Setelah kegiatan di pendulangan intan selesai, kemi melanjutkan kegiatan kami di teluk Selong, sebuah rumah Bubungan Tinggi yang sudah ditetapkan sebagai cagar budaya oleh pemerintah daerah setempat. Seluruh peserta melanjutkan pengumpulan data dengan tiap divisinya. Banyak hal yang kami dapat di hari ini. Budaya, keseharian, arsitektural hingga kerajinan khas di daerah itu. Sejenis baru-batuan dan biji-bijian dirangkai menjadi barang-barang yang cantik. Dari yang sederhana seperti gelan, kalung, gantungan kunci, hingga yang lebih rumit seperti tas atau dompet.

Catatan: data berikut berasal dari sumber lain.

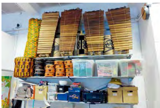
藝術中心陳列的其它非洲樂器
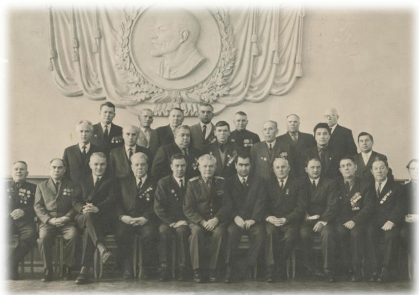
Группа освободителей г Шахты

Semua peserta melakukan pengumpulan data dengan cermat karena ini merupakan pengumpulan materi yang terakhir. Diharapkan semua hal yang ingin kami peroleh sudah terkumpul dan siap diolah di Jakarta.
12 Agustus 2010
Kunjungan hari berikutnya adalah ke Sungai Kuin. Kami mengisi kunjungan ini dengan mencari data-data pelengkap mengenai kehidupan Sungai Kuin, rumah panggung, dan lating. Kunjungan di kawasan terakhir ini kami lakukan hingga sore hari, selain karena hari itu merupakan hari terakhir pengumpulan materi, kami juga berencana untuk mencicipi penganan khas Pasar Wadai, sebuah pasar musiman yang selalu ramai pengunjung setiap harinya selama Bulan Ramadhan. Sekitar pukul 5 sore waktu setempat, kami mulai bergerak menuju lokasi pasar di depan Masjid Besar Sabillah, Banjarmasin. Saat kami sampai, di sana sudah dipadati oleh ratusan manusia yang bertujuan sama dengan kami; mencari penganan untuk berbuka puasa.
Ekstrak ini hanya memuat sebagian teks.